AXEL RUDI PELL
"Into the Storm"

(SPV/Steamhammer)

01. The Inquisitorial Procedure
02. Tower of Lies
03. Long Way to Go
04. Burning Chains
05. When Truth Hurts
06. Changing Times
07. Touching Heaven
08. High Above
09. Hey Hey My My
10. Into the Storm

RATING: 8/10

Never let it be said Axel Rudi Pell isn't made of strong stock. It's prerequisite in this market, especially when you've hit the quarter century mark as Pell has. Having played in STEELER eons ago, Axel Rudi Pell proves time and again he's got the alloy of iron and carbon coursing through his veins. The celebrated guitarist never sits on his laurels for too long before recording new material, which makes him one of the most prolific artists the genre's ever seen.
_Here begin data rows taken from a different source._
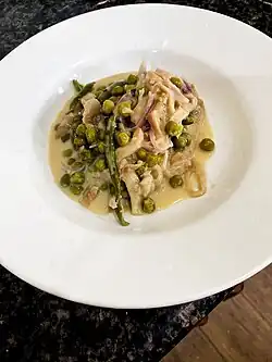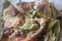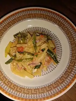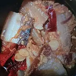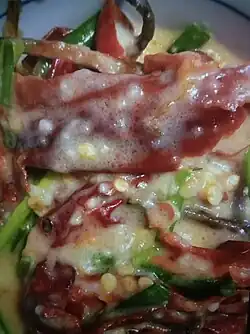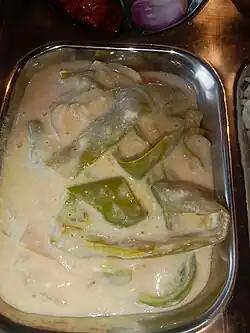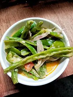 Ema datshi (Dzongkha: ཨེ་མ་དར་ཚིལ་; Wylie: e-ma dar-tshil[1]) is a spicy Bhutanese stew made from hot chili peppers and cheese.[2] It is among the most famous dishes in Bhutanese cuisine, recognized as the national dish of the country.[3] Over the years, ema datshi, which has its roots in Tibetan culinary traditions, has undergone various changes to suit the preference of local Bhutanese taste.
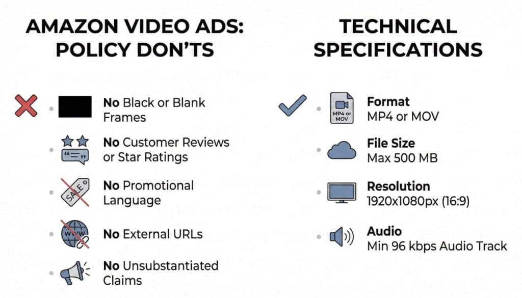 Amazon’s moderation team can quickly stop your ad momentum. If your video looks like spam or breaks a policy, it will be rejected, which is why many sellers include compliance checks and upload QA in their amazon advertising management process.
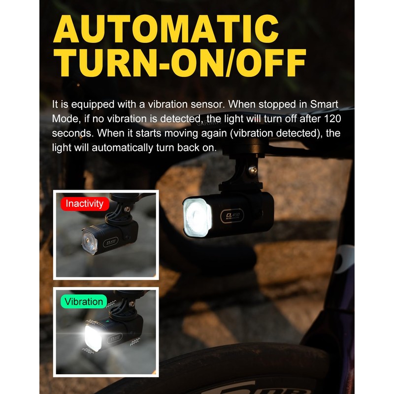 • Water Resistance: The CL450 road bike light is rated at IPX6 for water resistance, making it suitable for use in various weather conditions, including rain and splashes. This durability ensures that the light remains functional and reliable, even in wet environments.
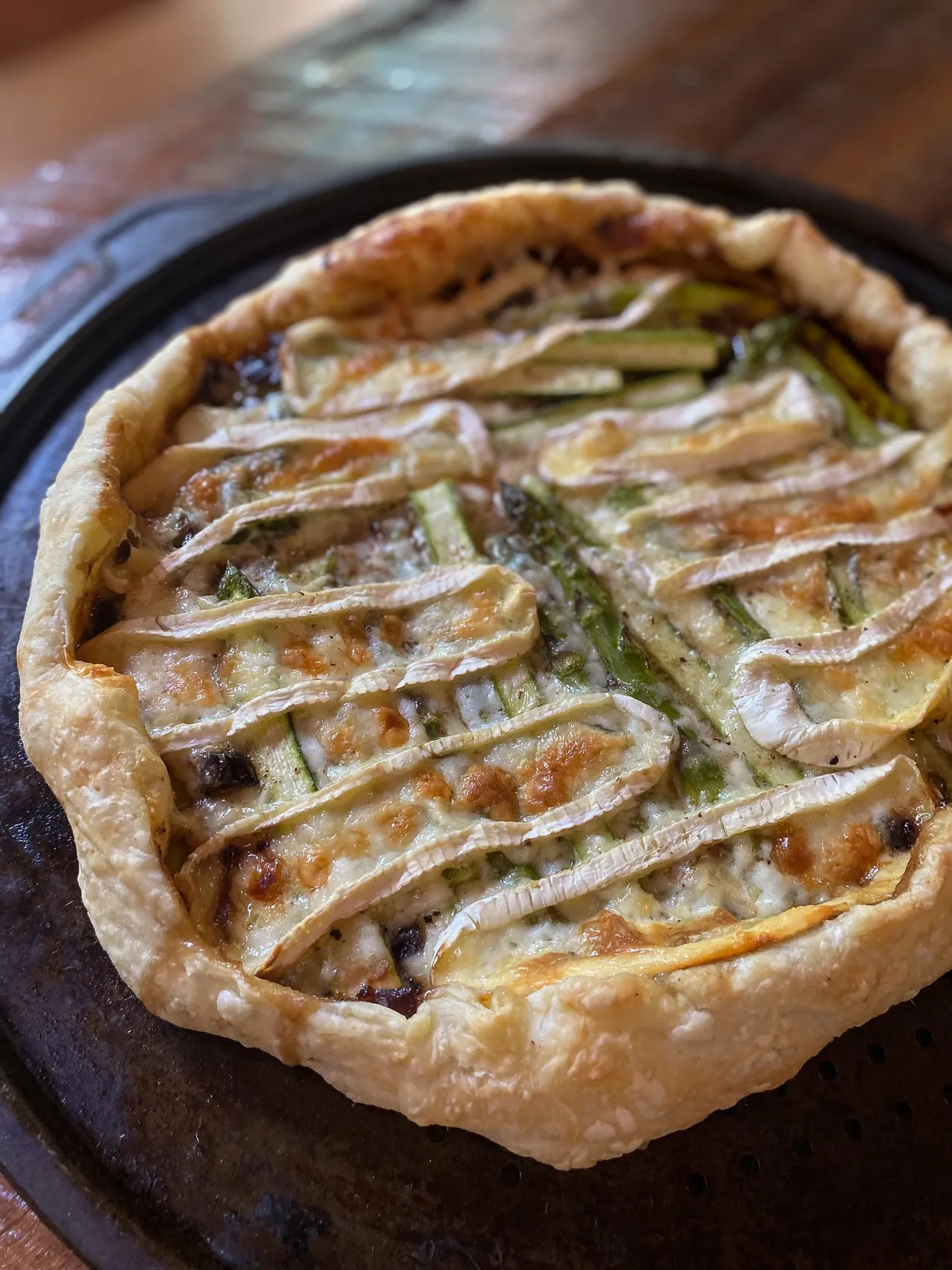 - Déposer les asperges sur la pâte en laissant environ 1 pouce de distance sur le contour, puis terminer avec les tranches de brie.

On his sixteenth solo album, "Into the Storm", Axel Rudi Pell continues to march with no deviation from his archetypal power metal path, save for maybe a bit more melody and hard tempos to these numbers.
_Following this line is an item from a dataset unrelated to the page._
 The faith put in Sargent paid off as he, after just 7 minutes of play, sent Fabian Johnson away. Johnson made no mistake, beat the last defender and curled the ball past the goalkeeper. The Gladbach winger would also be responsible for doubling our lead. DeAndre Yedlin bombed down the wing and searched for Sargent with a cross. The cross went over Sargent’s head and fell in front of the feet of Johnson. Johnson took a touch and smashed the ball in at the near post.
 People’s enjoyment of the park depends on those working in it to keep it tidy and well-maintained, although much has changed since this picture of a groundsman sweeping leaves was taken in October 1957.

"Into the Storm" might be one of the most accessible albums in Pell's catalog since everything is tailored toward finesse and harmony within the time-honored constructs of pure heavy metal. Whether it's hard driving numbers like "Tower of Lies", "Burning Chains" and "Changing Times", the lethal power pop sways of "Long Way to Go", or ballads like "When Truth Hurts" and a cover of Neil Young's "Hey Hey My My", the focus is on delivering straightforward songs. These are, of course, largely bred from the successful molds of DEEP PURPLE, DIO, SCORPIONS, RAINBOW and ACCEPT. In other words, status quo, except it sounds like Pell's band wants to throw him an on-album party in the process.
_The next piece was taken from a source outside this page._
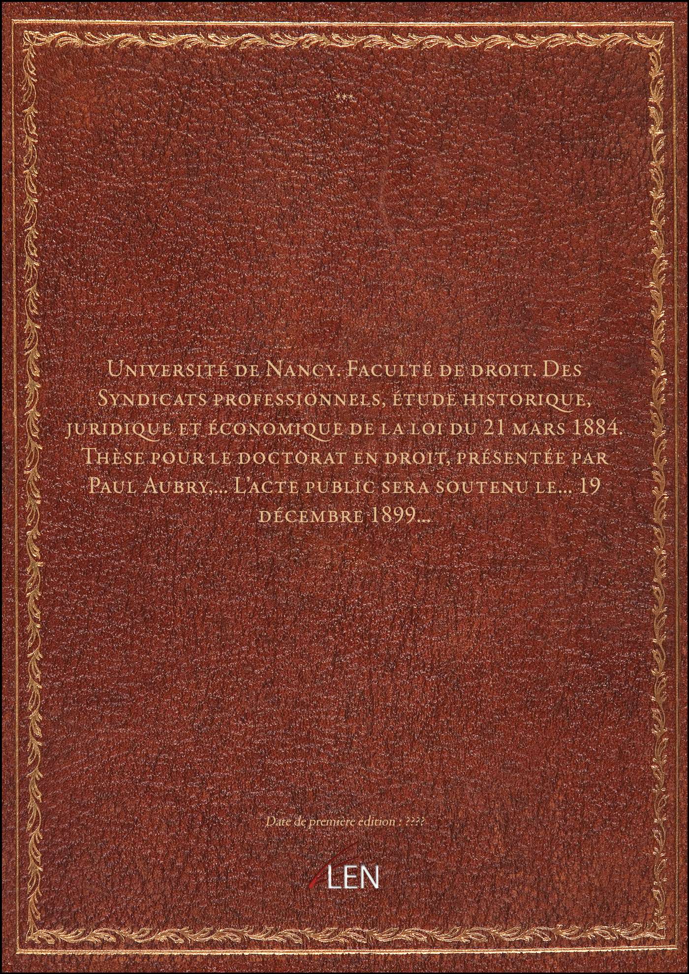 Titre complet : Université de Nancy. Faculté de droit. Des Syndicats professionnels, étude historique, juridique et économique de la loi du 21 mars 1884. Thèse pour le doctorat en droit, présentée par Paul Aubry,... L'acte public sera soutenu le... 19 décembre 1899...

Continuing as Pell's right hand man since 1989 is bassist Volker Krawczak, while vocalist Johnny Gioeli and keyboardist Ferdy Doernberg continue as Pell's mainstays since 1997. Joining the flock this round is veteran drummer Bobby Rondinelli, who has done tours of duty with hard rock and metal royalty such as RAINBOW, BLACK SABBATH, BLUE ÖYSTER CULT, DORO, Leslie West and QUIET RIOT. Mike Terrana always did a solid job for Axel, but Rondinelli ends up becoming a difference maker with his flexible, rhythmic pounding, upon which Pell and his posse jump aboard and take a hard, fun ride.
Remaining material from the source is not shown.